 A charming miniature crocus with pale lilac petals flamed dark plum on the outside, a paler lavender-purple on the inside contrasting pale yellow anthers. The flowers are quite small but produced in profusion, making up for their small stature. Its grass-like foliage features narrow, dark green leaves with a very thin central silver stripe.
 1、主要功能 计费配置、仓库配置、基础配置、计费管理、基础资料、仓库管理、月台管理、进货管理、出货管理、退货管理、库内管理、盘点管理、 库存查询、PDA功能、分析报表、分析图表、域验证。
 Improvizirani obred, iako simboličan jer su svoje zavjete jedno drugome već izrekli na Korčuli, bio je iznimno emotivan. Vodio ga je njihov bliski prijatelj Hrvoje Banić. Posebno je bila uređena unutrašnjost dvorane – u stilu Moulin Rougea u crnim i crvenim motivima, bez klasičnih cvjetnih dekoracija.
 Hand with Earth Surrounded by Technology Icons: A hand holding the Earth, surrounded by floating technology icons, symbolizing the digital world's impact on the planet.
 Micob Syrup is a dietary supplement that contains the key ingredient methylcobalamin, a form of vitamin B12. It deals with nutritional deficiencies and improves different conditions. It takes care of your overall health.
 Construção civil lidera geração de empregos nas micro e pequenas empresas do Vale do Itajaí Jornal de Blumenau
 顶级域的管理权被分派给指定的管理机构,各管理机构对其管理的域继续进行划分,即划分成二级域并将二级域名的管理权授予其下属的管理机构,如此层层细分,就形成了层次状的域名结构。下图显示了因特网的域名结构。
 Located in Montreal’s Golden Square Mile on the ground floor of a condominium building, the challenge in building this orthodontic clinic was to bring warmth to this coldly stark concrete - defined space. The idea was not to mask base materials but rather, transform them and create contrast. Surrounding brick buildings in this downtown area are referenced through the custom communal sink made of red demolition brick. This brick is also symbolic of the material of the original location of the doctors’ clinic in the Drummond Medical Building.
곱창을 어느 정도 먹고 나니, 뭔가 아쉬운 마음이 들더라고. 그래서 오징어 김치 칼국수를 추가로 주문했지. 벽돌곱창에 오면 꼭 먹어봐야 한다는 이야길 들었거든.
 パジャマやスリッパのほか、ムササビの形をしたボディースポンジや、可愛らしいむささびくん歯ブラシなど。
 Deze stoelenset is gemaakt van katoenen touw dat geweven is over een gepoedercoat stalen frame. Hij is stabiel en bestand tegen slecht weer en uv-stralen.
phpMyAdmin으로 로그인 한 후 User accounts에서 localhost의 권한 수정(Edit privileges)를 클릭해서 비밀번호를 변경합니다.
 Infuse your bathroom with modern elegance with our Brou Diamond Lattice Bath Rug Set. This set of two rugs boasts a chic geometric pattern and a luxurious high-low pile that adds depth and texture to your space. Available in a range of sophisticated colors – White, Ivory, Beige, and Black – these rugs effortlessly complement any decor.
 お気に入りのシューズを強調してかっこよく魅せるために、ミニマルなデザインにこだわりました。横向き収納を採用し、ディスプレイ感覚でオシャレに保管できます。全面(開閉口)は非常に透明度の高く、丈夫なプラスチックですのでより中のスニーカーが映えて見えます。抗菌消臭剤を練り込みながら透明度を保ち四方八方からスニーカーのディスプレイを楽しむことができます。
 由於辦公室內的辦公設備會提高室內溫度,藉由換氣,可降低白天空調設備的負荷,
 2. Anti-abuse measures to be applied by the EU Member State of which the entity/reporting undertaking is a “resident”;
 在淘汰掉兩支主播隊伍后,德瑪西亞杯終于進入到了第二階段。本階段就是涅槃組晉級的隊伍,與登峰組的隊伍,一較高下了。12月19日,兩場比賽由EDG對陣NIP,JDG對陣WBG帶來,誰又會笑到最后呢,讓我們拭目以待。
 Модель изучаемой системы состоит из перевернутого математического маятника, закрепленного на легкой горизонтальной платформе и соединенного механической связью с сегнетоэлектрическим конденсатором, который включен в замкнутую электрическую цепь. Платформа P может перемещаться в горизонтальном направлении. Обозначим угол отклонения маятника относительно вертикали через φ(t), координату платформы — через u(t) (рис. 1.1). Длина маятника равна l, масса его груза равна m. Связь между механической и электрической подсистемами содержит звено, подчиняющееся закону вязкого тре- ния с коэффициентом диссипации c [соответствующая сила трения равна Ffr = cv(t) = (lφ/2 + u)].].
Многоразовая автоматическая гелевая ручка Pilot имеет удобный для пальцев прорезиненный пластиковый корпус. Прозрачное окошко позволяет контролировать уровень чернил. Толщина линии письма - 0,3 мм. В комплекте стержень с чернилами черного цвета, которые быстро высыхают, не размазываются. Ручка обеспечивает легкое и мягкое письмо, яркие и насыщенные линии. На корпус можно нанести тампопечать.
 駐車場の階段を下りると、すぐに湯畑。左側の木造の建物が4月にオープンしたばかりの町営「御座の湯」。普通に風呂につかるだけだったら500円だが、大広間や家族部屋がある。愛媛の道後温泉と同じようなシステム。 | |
──────────
What this task involves -> From the entries above, copy every line containing the word "that".

Output below ->
 Micob Syrup is a dietary supplement that contains the key ingredient methylcobalamin, a form of vitamin B12. It deals with nutritional deficiencies and improves different conditions. It takes care of your overall health.
 Infuse your bathroom with modern elegance with our Brou Diamond Lattice Bath Rug Set. This set of two rugs boasts a chic geometric pattern and a luxurious high-low pile that adds depth and texture to your space. Available in a range of sophisticated colors – White, Ivory, Beige, and Black – these rugs effortlessly complement any decor.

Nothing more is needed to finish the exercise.